You can use it separately because it is not integrated into
the main transformation of toolkit. The version in the toolkit
is more recent, but the articles should be referenced for information
on details of the program, as well as for information on how
to extend it. There are links to the articles at the bottom
of this page.
Preconditions
The
preconditions to be considered before using the migration
tool are listed below:
- The HTML file content must be divided among concepts,
tasks, and reference articles. If not, the HTML files
should be reworked before migrating.
- This migration tool is intended for topics. The HTML page
should contain a single section without any nested
sections.
- DITA architecture is focused on topics, information that is
written for books needs to be redesigned in order
to fit into a topic-based archiecture.
- This migration utility only works with valid XHTML files,
HTML files must be cleaned up using HTML Tidy or
other utility before processing.
Post conditions
There
are also some post conditions to consider after processing:
- In some case, the tool cannot determine the correct way to migrate,
it places the contents in a <required-cleanup> element, you
should fix such elements in the output DITA files.
- Check the output DITA files.
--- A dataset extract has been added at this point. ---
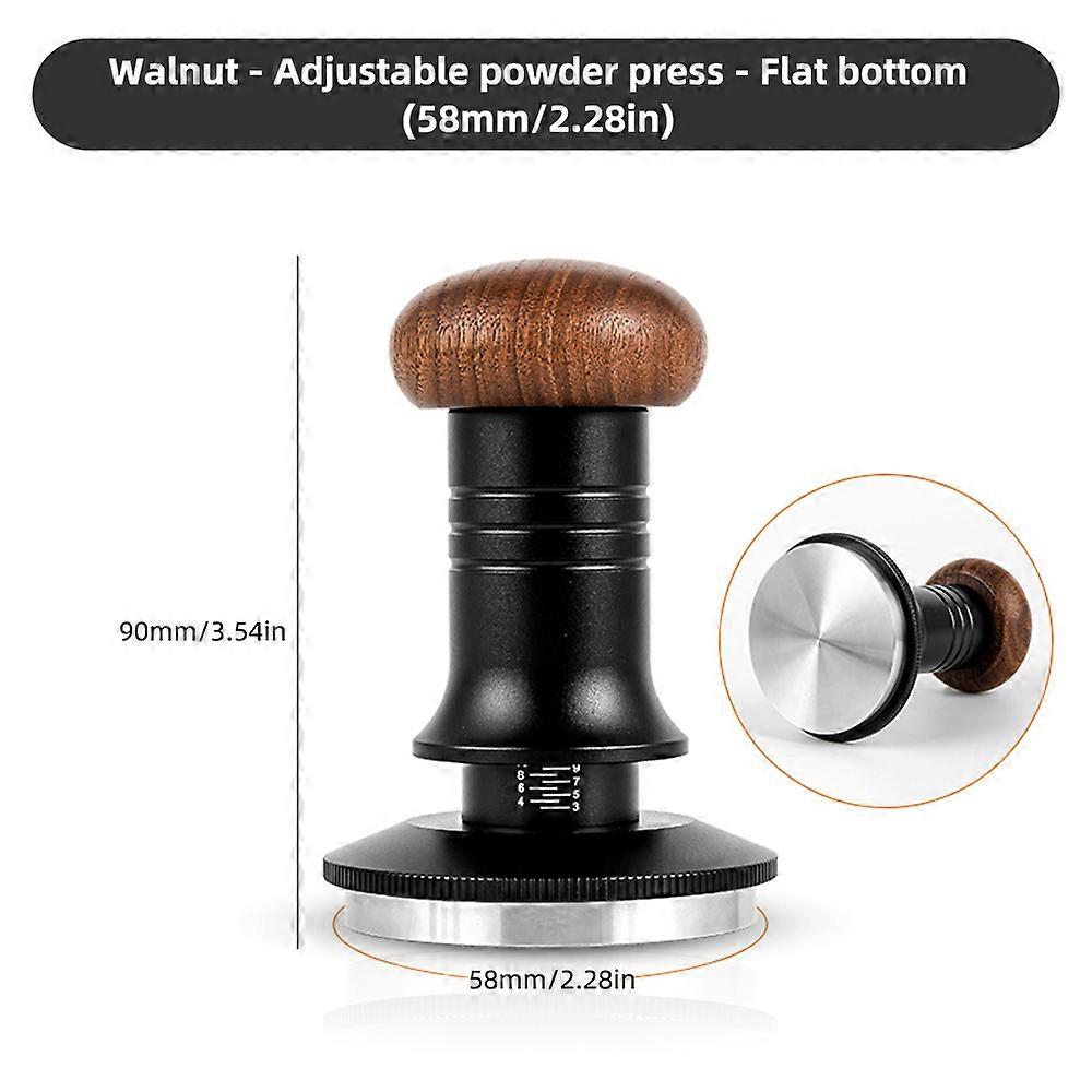 58mm Coffee Tamper 30lbs Calibrated Spring Loaded with Adjustable Depth, 304 Stainless Steel Base and Ergonomic Walnut Wood Handle for Espresso

Compare them with the source
HTML files and check if both contents are equivalent.
Known limitations
- Since Xalan doesn't allow to set the public and system IDs
dynamically using a variable, when Xalan is used as the default XSLT
processor, the output will contain:
<!DOCTYPE topic PUBLIC "{$publicid}" "{$systemid}">
Suggest
to use Saxon as the processor to fix this problem. For other information
on this problem, see the section "Other general migration notes"
in the first developerWorks article.
Extension points
The
HTML2DITA migration tool helps extension in the following
listed ways:
- The genidattridbute template can be
overridden to change the method for creating the topic
ID.
- The gentitlealts template can be
overridden to change the ways of title generation.
- Override respond section in the tool to preserve the
semantic of source, in case if the <div> or <span>
element is used in regular structures.
- You can also migrate to another specialized DTD by
overriding the original template base on the specific DTD
and your required output.